▶ Directions
The output should be the listing below, limited to the lines from the one with "Sehr angenehmer CP" through the one with "la red social.", exact and without pictures.

▶ Supplied material
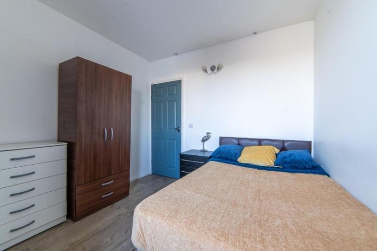A modern and spacious double room with a private balcony facing the River Lea, available now in a stylish 4-bed, 2-bathroom apartment. Ideal for a working professional looking for comfort and great transport links.
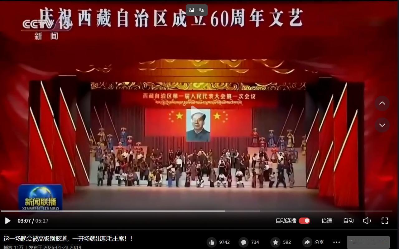 ,由中央电视台报道,庆祝西藏自治区成立六十周年文艺晚会,舞台正前方悬挂的是毛主席像!
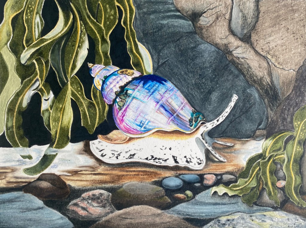For this marine snail, done as a 9”x12” colored pencil illustration, I emphasized the colors to give the illustration a mythical feel.
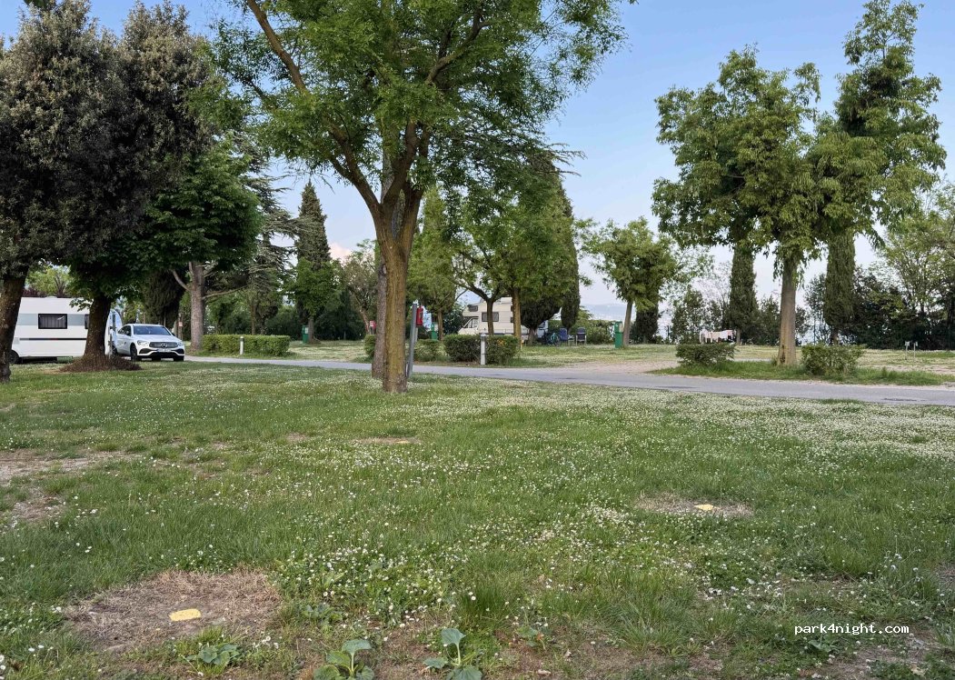 Sehr angenehmer CP mit Restaurant, kleinem Spielplatz daneben, sauberen und zahlreichen Sanitäreinrichtungen. Direkter Seezugang und auch "Fussweg" zur Insel San Biagio möglich. Die Stellplätze und auch die Zufahrtwege sind eher eng durch die Bepflanzung.
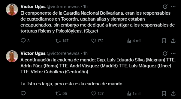 “El componente de la Guardia Nacional Bolivariana, eran los responsables de custodiarnos en Tocorón, usaban alias y siempre estaban encapuchados; sin embargo me dediqué a investigar a los responsables de torturas físicas y psicológicas”, escribió Ugas en la red social.
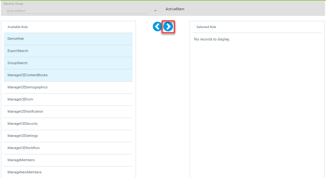 Select the group you would like to add a permission for or edit permissions. Use the Ctrl or Shift key to select multiple permissions at a time. Select the right arrow to add the permissions for the group. Select the left arrow to remove a permission from a group.
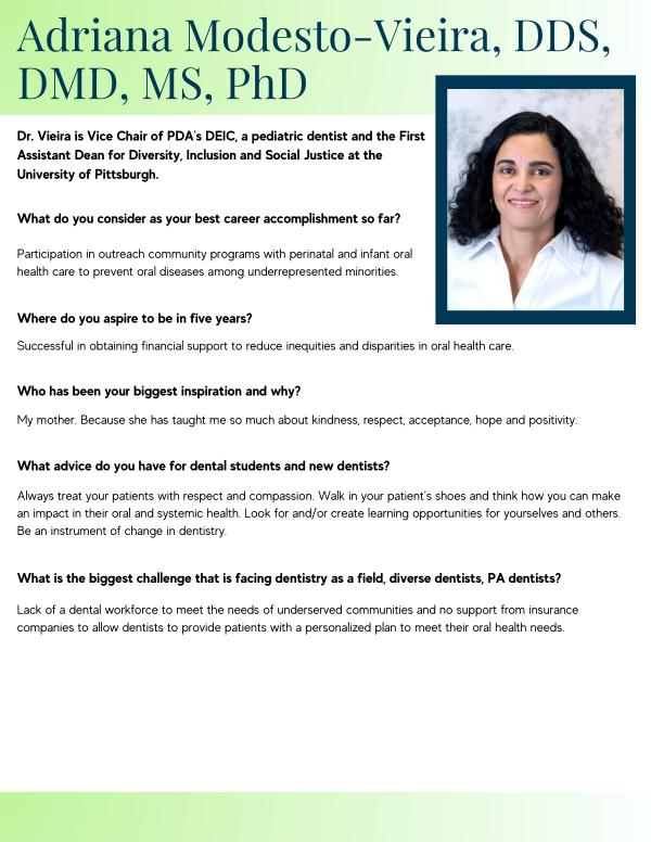 Dr . Vieira is Vice Chair of PDA ’ s DEIC , a pediatric dentist and the First Assistant Dean for Diversity , Inclusion and Social Justice at the University of Pittsburgh .
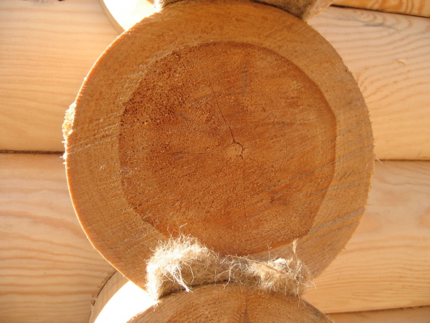 Log untuk meletakkan setiap mahkota berikutnya hendaklah dengan diameter yang hampir sama. Di sini anda harus mengganti sisi produk yang nipis dan tebal untuk mengecualikan kemerosotan struktur. Di antara mereka, bahan penebat panas diletakkan, yang dilekatkan pada bingkai dengan staples, yang menangkal meniup melalui sendi produk. Ini boleh menjadi lumut, rami, duri biji rami, kain rami atau rami.

▶ Written solution
 Sehr angenehmer CP mit Restaurant, kleinem Spielplatz daneben, sauberen und zahlreichen Sanitäreinrichtungen. Direkter Seezugang und auch "Fussweg" zur Insel San Biagio möglich. Die Stellplätze und auch die Zufahrtwege sind eher eng durch die Bepflanzung.
 “El componente de la Guardia Nacional Bolivariana, eran los responsables de custodiarnos en Tocorón, usaban alias y siempre estaban encapuchados; sin embargo me dediqué a investigar a los responsables de torturas físicas y psicológicas”, escribió Ugas en la red social.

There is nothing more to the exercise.